This study investigates how influenza A virus mRNAs are exported from the nucleus to the cytoplasm by testing the involvement of the cellular NXF1/TAP export pathway. Influenza produces 10 different mRNAs with variable structures: most lack introns, while two segments contain introns but remain largely unspliced, and two are fully spliced. Using RNA interference and drug treatments, researchers found that individual viral mRNAs show differential dependence on NXF1. Late gene mRNAs (segments 4, 7, 8 encoding HA, M1/M2, and NS1/NS2) strongly require NXF1 for nuclear export, while early intronless gene mRNAs (particularly segment 5 encoding NP) show minimal NXF1 dependence. The helicase UAP56 is specifically required for segments 7 and 8 export but not others, while Aly shows minimal involvement. CRM1-dependent export was ruled out based on leptomycin B resistance. These findings demonstrate that influenza virus co-opts the primary cellular mRNA export machinery for a subset of its transcripts, particularly late genes, with recruitment mechanisms varying among different viral mRNAs.

Key findings

• Influenza A virus mRNAs display differential and selective dependence on the cellular NXF1/TAP export pathway, with late gene transcripts (HA, M1, M2, NS1) strongly requiring NXF1 and early intronless transcripts (especially NP) showing minimal dependence.

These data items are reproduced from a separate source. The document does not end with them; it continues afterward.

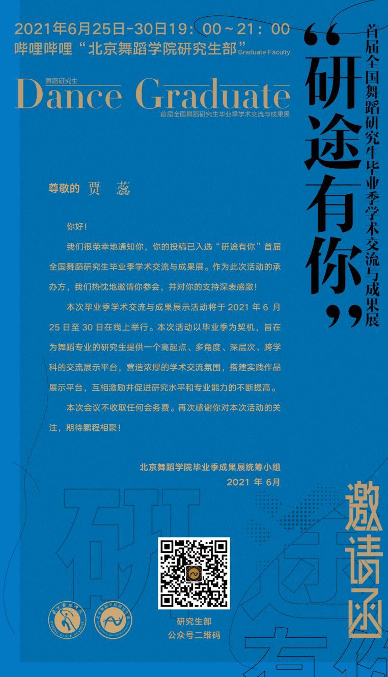 2021年6月25日至6月30日,“研途有你”首届全国舞蹈研究生毕业季学术交流与成果展在线上举行,该活动由北京舞蹈学院主办,北京舞蹈学院研究生部承办,酷爱成人网
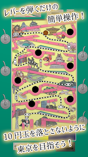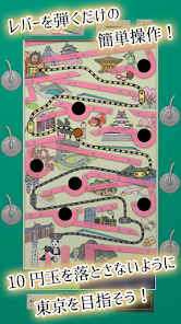 左右にあるレバーを弾いて10円玉を飛ばしながら、穴に落ちないよう終点の東京を目指しましょう。
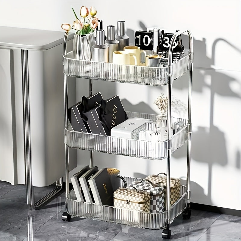 Carrito de Almacenamiento de Acrílico Transparente de 1 Pieza con Ruedas, Organizador Multiusos Transparente, Estante Vertical en Capas para Dormitorio, Baño, Cocina - Plástico, No Requiere Montaje
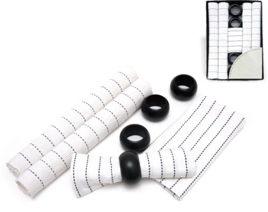 Poklon set sastoji se od dvanaest pažljivo usklađenih dijelova namijenjenih elegantnom i funkcionalnom posluživanju stola. U kompletu se nalaze četiri podmetača, četiri ubrusa i četiri drvena prstena za ubruse, čineći skladnu cjelinu pogodnu za svakodnevnu upotrebu ili posebne prigode. Neutralna i profinjena kombinacija elemenata lako se uklapa u različite stilove interijera.
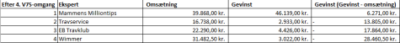 På andenpladsen ligger Travservice med det mindst underskud af de tre øvrige hold.
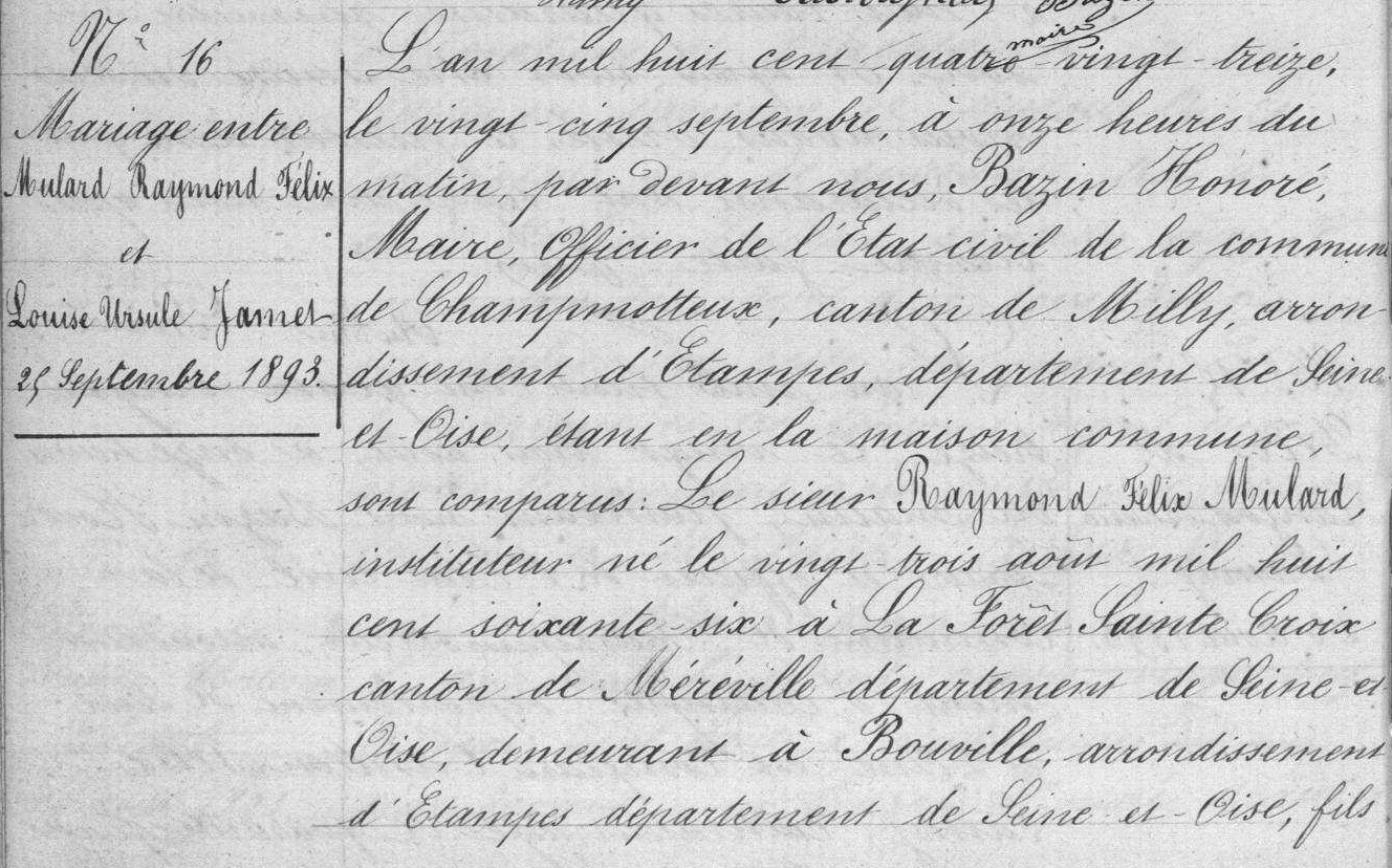 - Raymond-Félix Mulard, né le 23 août 1866 à la Forêt-Sainte-Croix, était le fils d'Éléonore Clémentine Zéphire Moullé (1841-1885) et de l'instituteur Félix-Auguste-Mulard (1843-1908).

• The helicase UAP56 is specifically required for export of segments 7 and 8 mRNAs but not for segments 1, 4, or 5, indicating varied recruitment mechanisms among viral transcripts.

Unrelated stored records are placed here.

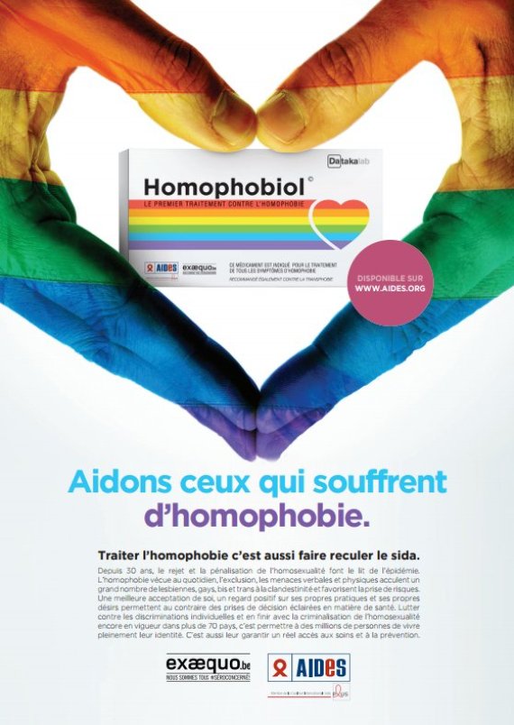 Certains décident, eux, de "soigner" l'homophobie comme d'autres ont voulu "soigner" les homosexuels à coups d'électrochocs ou d'exorcisme. Non sans humour, l'association AIDES et son homologue belge ExAEquo ont donc imaginé une solution miracle : un médicament qui soigne l'homophobie, intitulé l'Homobiol
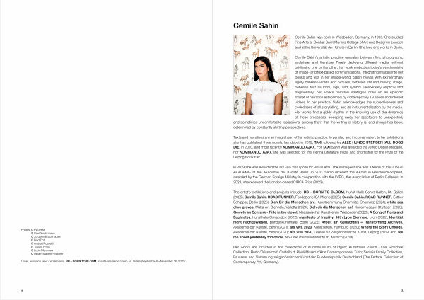 Cover, exhibition view: Cemile Sahin, BB – BORN TO BLOOM, Kunst Halle Sankt Gallen, St. Gallen( September 6 – November 16, 2025)
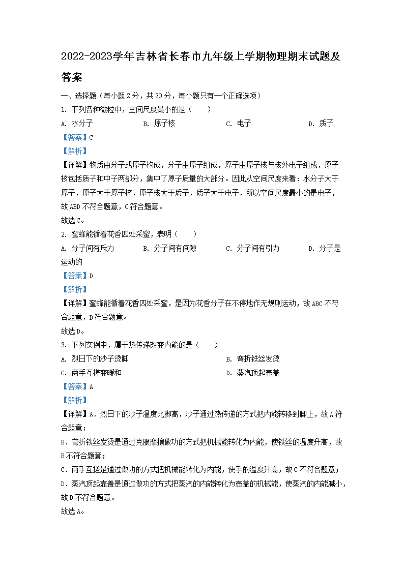 2022-2023學(xué)年吉林省長春市九年級上學(xué)期物理期末試題及答案(Word版)
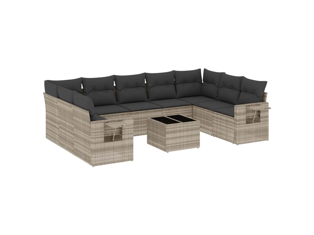 10dílná zahradní sedací souprava podušky světle šedá polyratan 3220611
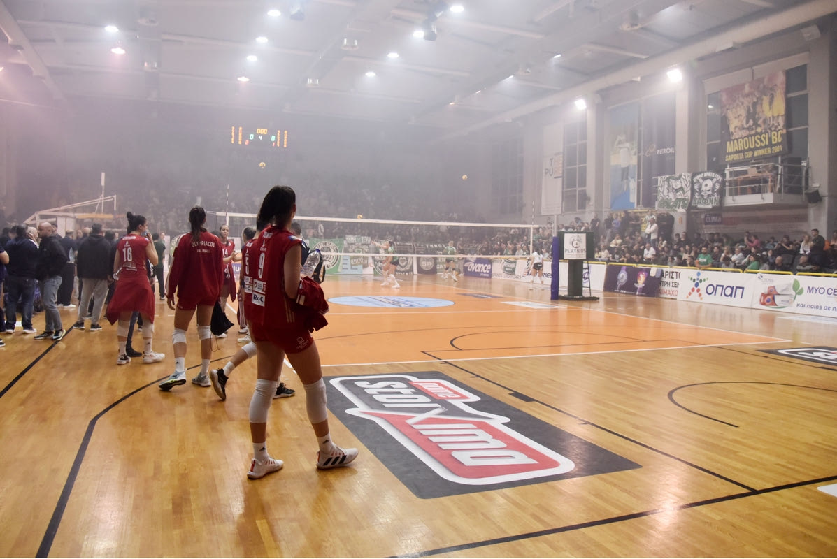 Ο Παναθηναϊκός επικράτησε 3-1 σετ του Ολυμπιακού στον πρώτο τελικό της Volley League γυναικών με τη διακοπή περίπου μιας ώρας και την εκκένωση του γηπέδου να σημαδεύουν την αναμέτρηση.
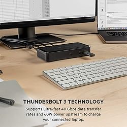 - The Thunderbolt 3 Dock Plus is the ultimate docking solution for your Mac or Windows laptop. This streamlined dock offers innovative solutions designed for both professional and at-home use. Enjoy super-fast data transfer speeds of up to 40 Gbps, high-definition dual monitor support, and 60W upstream charging. It also features multiple ports to connect your peripherals and networks via USB-A, USB-C, Ethernet, and more. Connect multiple devices to your laptop through a single dock. The best part is that you can connect all this to your Thunderbolt 3 or USB-C-enabled laptop through a single cable. FRONT: Thunderbolt 3 Type-C port with PD 3.0 delivers charging (up to 60W) to laptop with the included Thunderbolt 3 Gen 2 1.6 ft/0.5M cable; Audio in/out for mic and speaker support; 1 x USB-A 3.1 Gen 2 port for USB-A peripheralsBACK: Gigabit Ethernet connection; 2 x USB-A 3.1 Gen 1 ports for devices that connect via USB-A such as a mouse, keyboard or printer; 2 x USB-C 3.1 Gen 2 ports for USB-C peripherals; 2 x DisplayPort™ 1.4 connect to high-resolution monitors/displays (for resolutions, see table below) 125W PSU powers the dock, and also charges the connected laptop up to 60W.
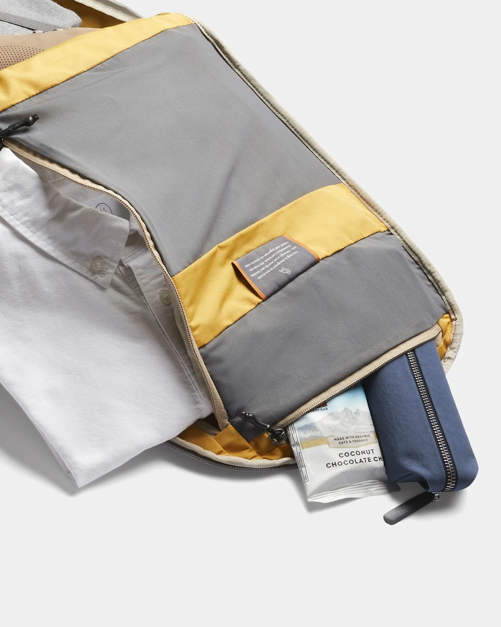 – External-access pockets invisibly store a passport, wallet, water bottle and more
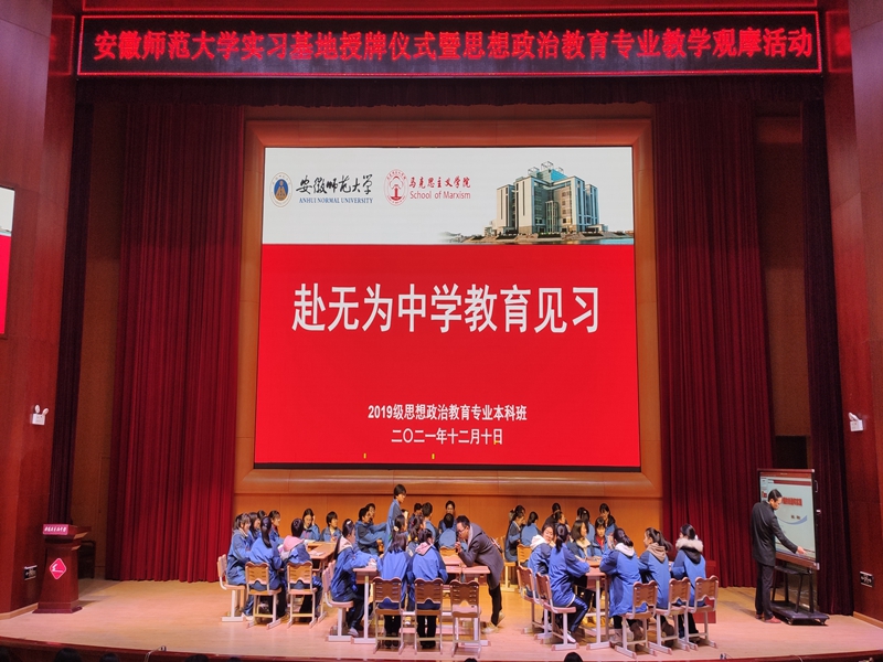 本网讯(文/刘安瑶 摄/潘俊杰)为培养师范生核心素养,提高师范生教学技能,感受实践教学氛围。12月10日下午,beet365官方网站教务处副处长李汪根,公司党委副书记刘玉艳、副经理赵冰等一行赴无为中学参加实习基地签约授牌仪式。2019级思想政治教育专业本科生部分同学参加教育见习活动。
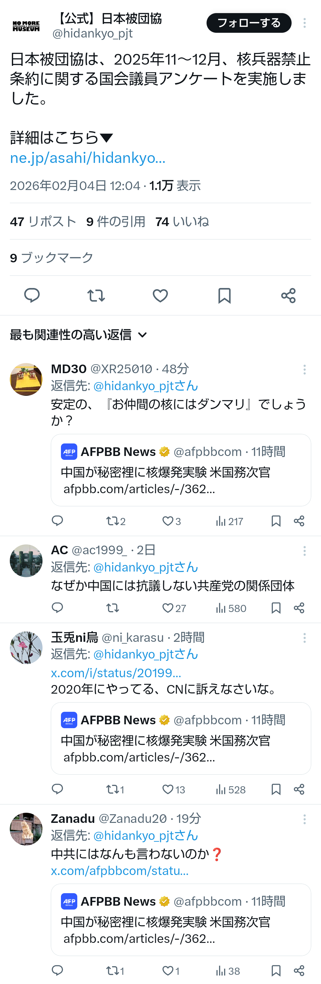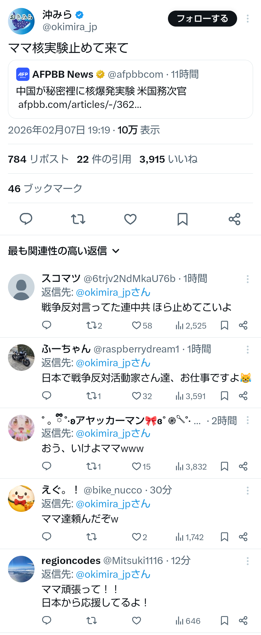 | … | 74無題Name名無し 26/02/07(土)22:31:46No.778181そうだねx4 1770471106704.png-(526880 B) >中国が秘密裡に核爆発実験 米国務次官 |
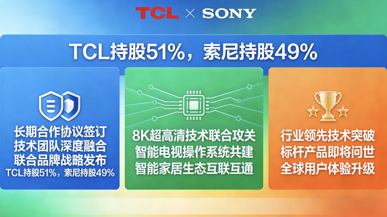 TCL与索尼的这次合资,超越了传统的并购逻辑,它不再是简单的“以大吃小”或“收购品牌”,而是基于动态比较优势的深度分工重组。一方从重资产的“运营竞争”中抽身,专注于成为“标准与技术的制高点”;另一方则以强大的“规模与效率平台”为依托,承接顶尖标准的产业化与市场化重任。这种“技术品牌+效率制造”的联盟,可能在未来更多行业中出现。

• NXF1 depletion reduces viral protein synthesis of late genes by >3-fold while having minimal effect on early gene products, correlating with mRNA nuclear export efficiency.
• The adaptor protein Aly plays little to no role in influenza mRNA export despite its importance in cellular mRNA export, suggesting alternative recruitment mechanisms for NXF1.
• CRM1-dependent export is not involved in influenza mRNA trafficking, as evidenced by leptomycin B resistance.